Stored entries>
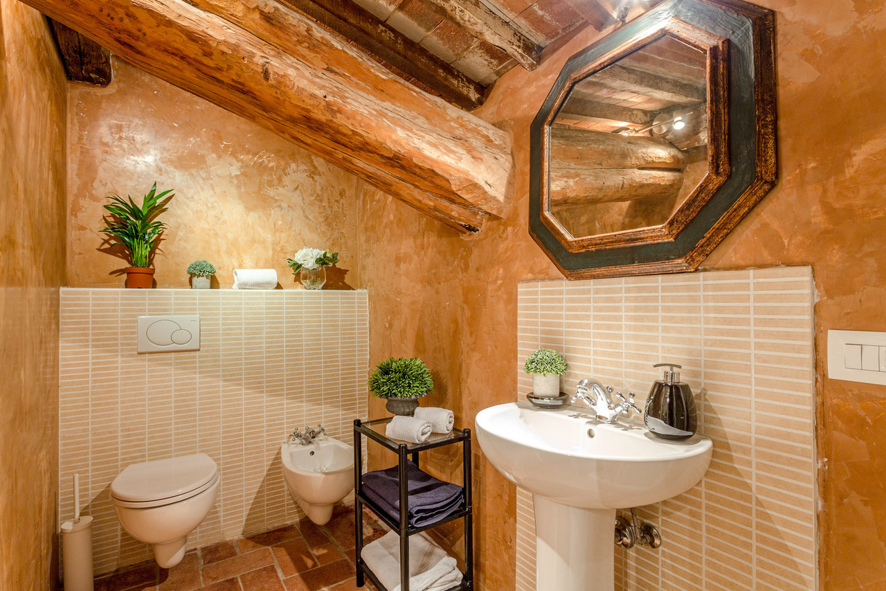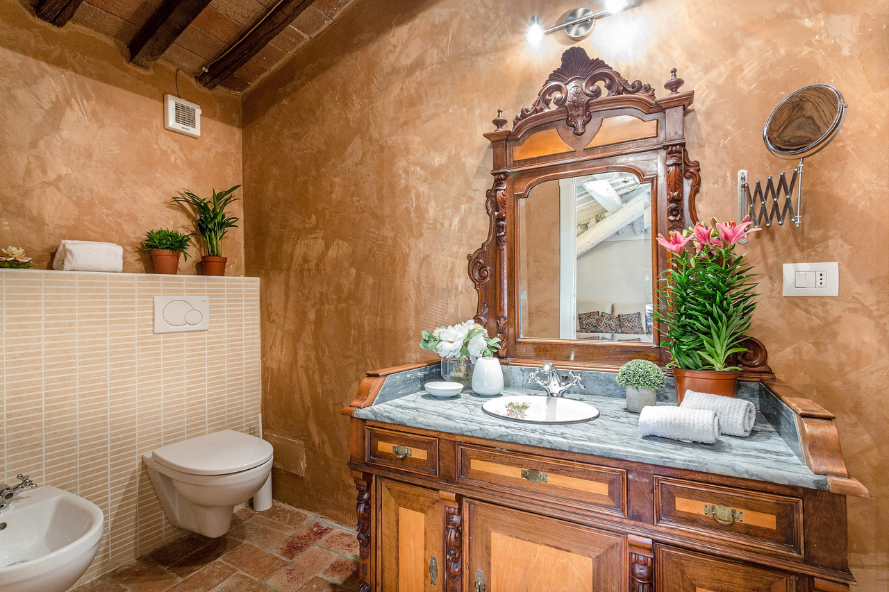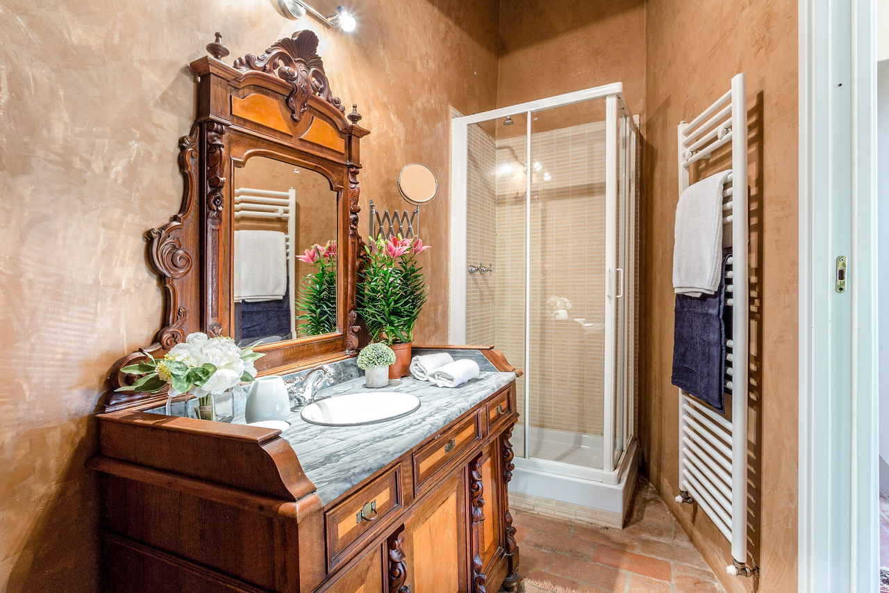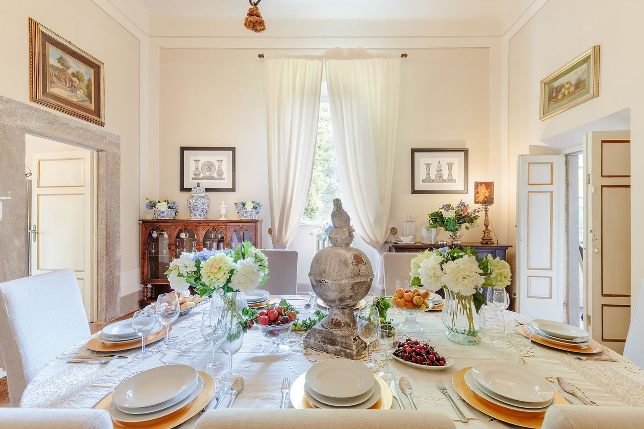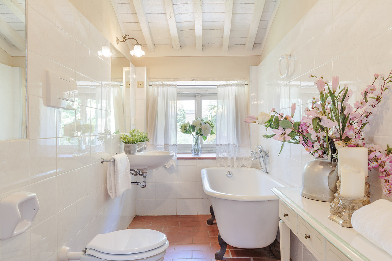 This charming house located on the outskirts of Lucca will be your new favorite. Extremely well maintained, you will discover inside a mix between baroque and contemporary. This alliance gives the house an atmosphere so warm that we would like to enjoy it indefinitely. Here and there, you will find some typical Tuscan elements: exposed beams and terracotta floors have been preserved to bring that touch of authenticity that we love in Tuscany. With its very high ceilings, one might think of this villa that it looks like a castle. This impression is also underlined by the very elaborate gilding and chandeliers that adorn each room. All these luxurious details come from the noble family who decided to build this house in the 17th century.
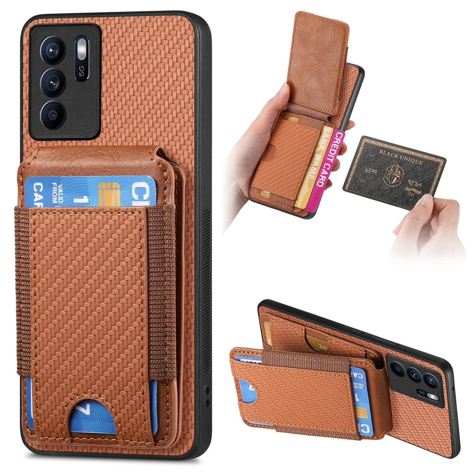 OPPO Reno6 Z Vertical Flip Wallet Stand Phone Case with Carbon Fibre Pattern
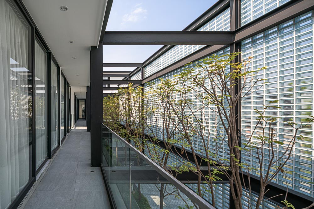 건물이 서쪽을 향해 있어 너무 덥지 않아야 했고, ‘유리블록’ 프로젝트에는 자연채광을 받아들일 공간이 필요했다. ‘유리블록’은 자연채광이 들어오게 하면서 여러 이슈를 해결할 수 있어 주 재료로 선택되었다. 유리블록 내의 식물은 너무 덥지 않은 온도와 빛이 필요했고, 건축주가 원했던 것처럼 오후에는 건물이 햇빛을 반사해 반짝이며 눈에 띈다. 이 프로젝트의 디자인은 새로운 실험이면서 창의적인 아이디어를 중요한 문제와 연결해 건축주가 원하는 것을 함께 해결하는 시도였다.
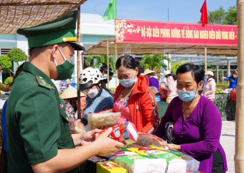 Phụ nữ trên địa bàn biên giới tham gia phiên chợ 0 đồng do BĐBP tổ chức.
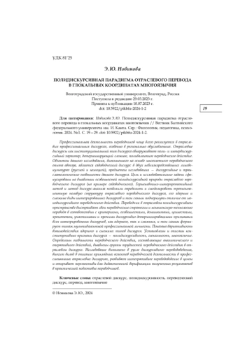 Профессиональная деятельность переводчиков чаще всего реализуется в отраслевых профессиональных дискурсах, особенно в регионально обусловленных. Отраслевые дискурсы как институциональный тип дискурса обнаруживают поли- и интердискурсивный характер, детерминирующий сложное, поливалентное переводческое действие. Объектом данного исследования, выполненного на основе многолетнего переводческого опыта автора, является садоводческий дискурс в двух неблизкородственных лингвокультурах (русской и немецкой), предметом исследования — дискурсивные и транслатологические особенности данного дискурса. Цель и исследовательские задачи сфокусированы на выявлении особенностей полидискурсивной природы отраслевого переводческого дискурса (на примере садоводческого). Герменевтико-интерпретативный метод и метод дискурс-анализа позволили определить и смоделировать трехкомпонентную полевую структуру отраслевого переводческого дискурса, его ядерные и смежные виды интегрированных дискурсов и тем самым подчеркнуть отличие от монодискурсивного переводческого действия. Переводчик в отраслевом полидискурсивном пространстве выстраивает свои переводческие стратегии и комплексную технологию перевода в соответствии с критериями, особенностями, доминантами, ценностями, хронотопом, участниками и прочими дискурсивно детерминированными признаками всех интегрированных дискурсов, как ядерного, так и смежных, и тем самым формирует типаж мультивалентной профессиональной личности. Показана вариативность взаимодействия ядерного и смежных типов дискурса. Установлены и описаны конститутивные признаки дискурса — полидискурсивность, глокальность, многоязычие. Определены особенности переводческого действия, составляющие аналитического и оперативного действий, выявлены группы трудностей переводческого действия в отраслевом дискурсе. Исследование выполнено в русле дискурсивного переводоведения, вносит вклад в описание прикладных аспектов переводческой деятельности в профессиональных отраслевых дискурсах, развивает интегративное переводоведение в целом и открывает перспективы для дидактической верификации полученных результатов в практической подготовке переводчиков
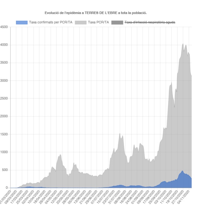 La regió sanitària de les Terres de l’Ebre acumula, des de l’inici de la pandèmia, 4.518 casos confirmats per PCR o antígens (42 més que en el balanç anterior), 4.734 si es tenen en compte la resta de proves. En aquesta regió han mort 92 persones, sis més que en el balanç anterior. Entre el 2 i el 8 de novembre es van notificar 11 defuncions, 6 en l’interval anterior.
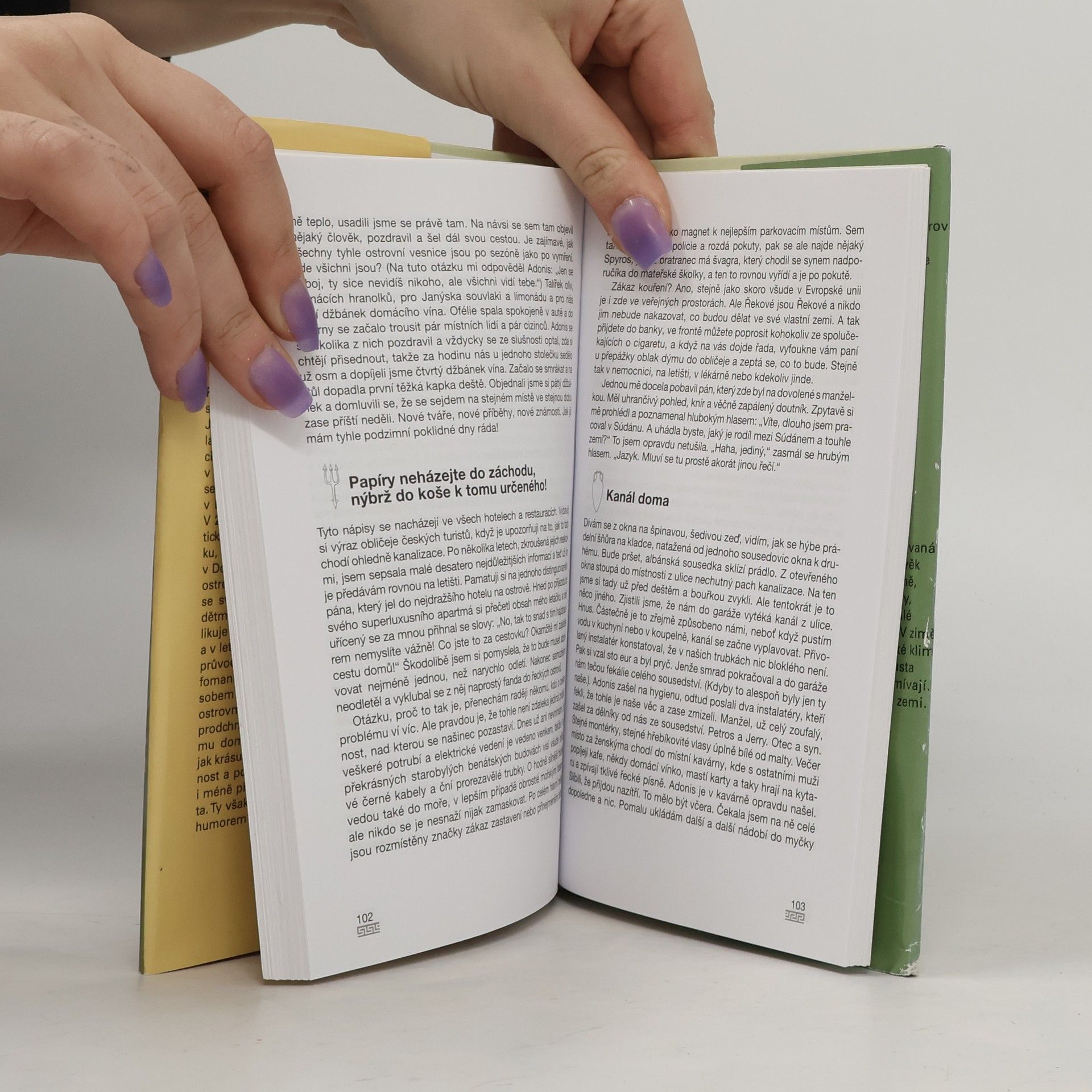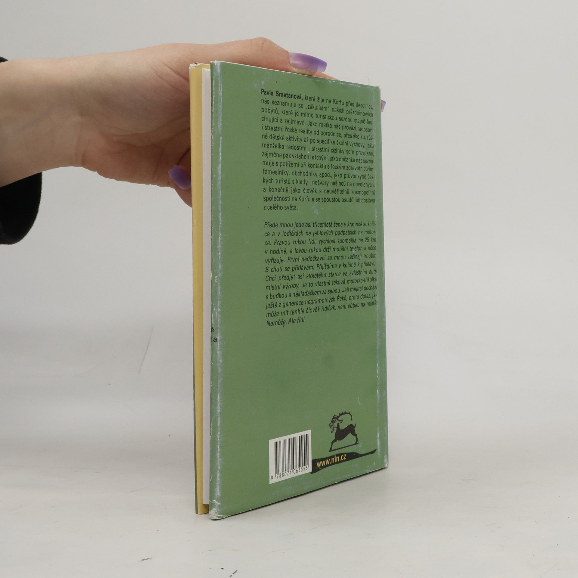 Autorka žije na Korfu přes deset let se svým řeckým manželem a dvěma dětmi. Její postřehy jsou prodchnuty láskou a obdivem k novému domovu, což jí umožňuje vnímat jak krásu a poezii celého ostrova či vlídnost a pohostinnost jeho obyvatel, tak i méně příjemné stránky zdejšího života. Ty však dokáže glosovat s laskavým humorem i s jistým pochopením....
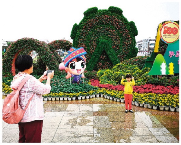 市民在中心广场花坛前拍照留影。通讯员李腾钊 摄
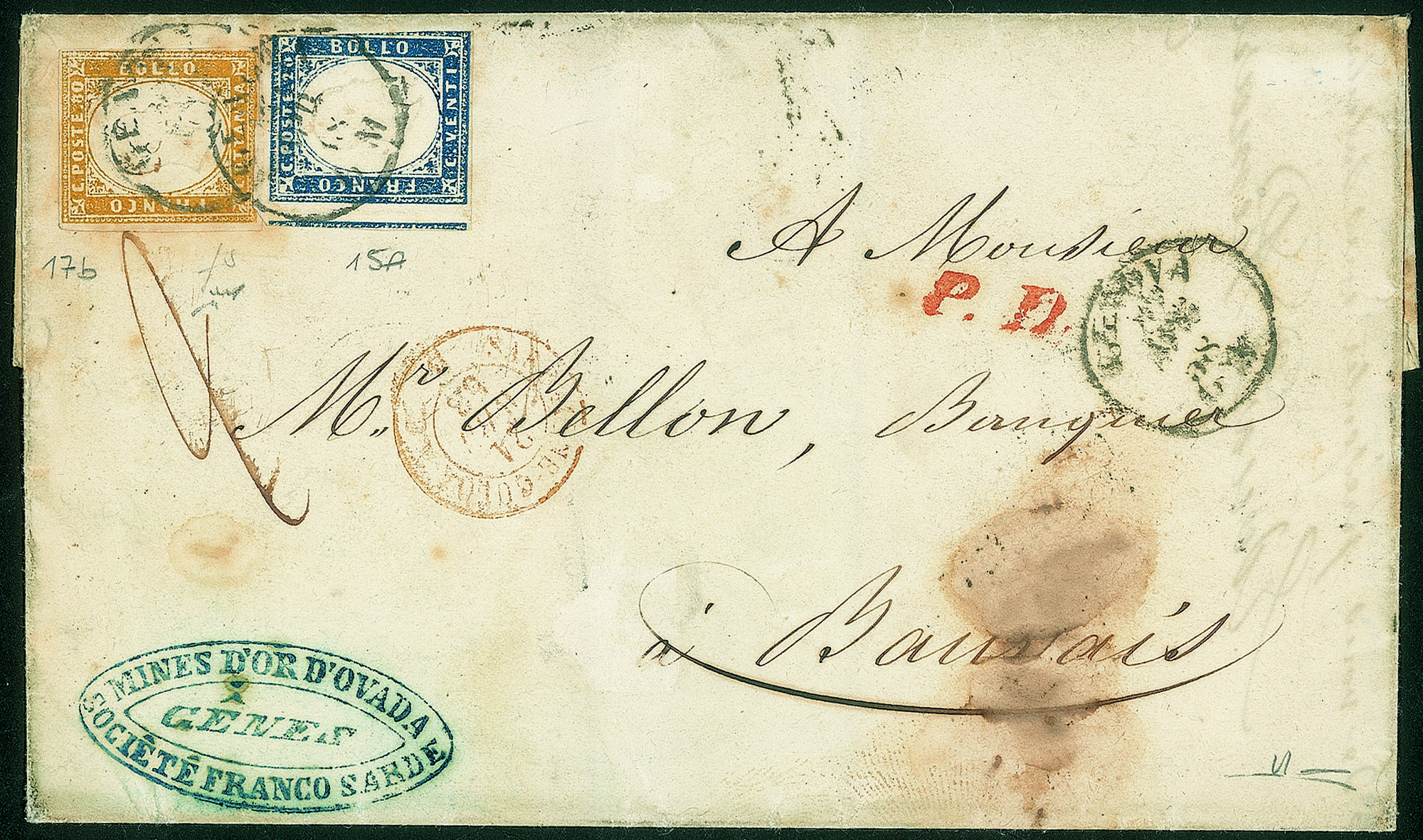 Antichi Stati Italiani - Sardegna - Lettera affrancata con 20 cent azzurro grigiastro (15A) + 80 cent ocra arancio (17b)Da Genova a Beauvais del '21'.4.58 - raro insieme - cert. Manzoni

What you have to do> Excluding all pictures, output exactly the lines from the line containing "市民在中心广场花坛前拍照留影。通讯员李腾钊 摄" through the last line of the entries above.

Answer area>
 市民在中心广场花坛前拍照留影。通讯员李腾钊 摄
 Antichi Stati Italiani - Sardegna - Lettera affrancata con 20 cent azzurro grigiastro (15A) + 80 cent ocra arancio (17b)Da Genova a Beauvais del '21'.4.58 - raro insieme - cert. Manzoni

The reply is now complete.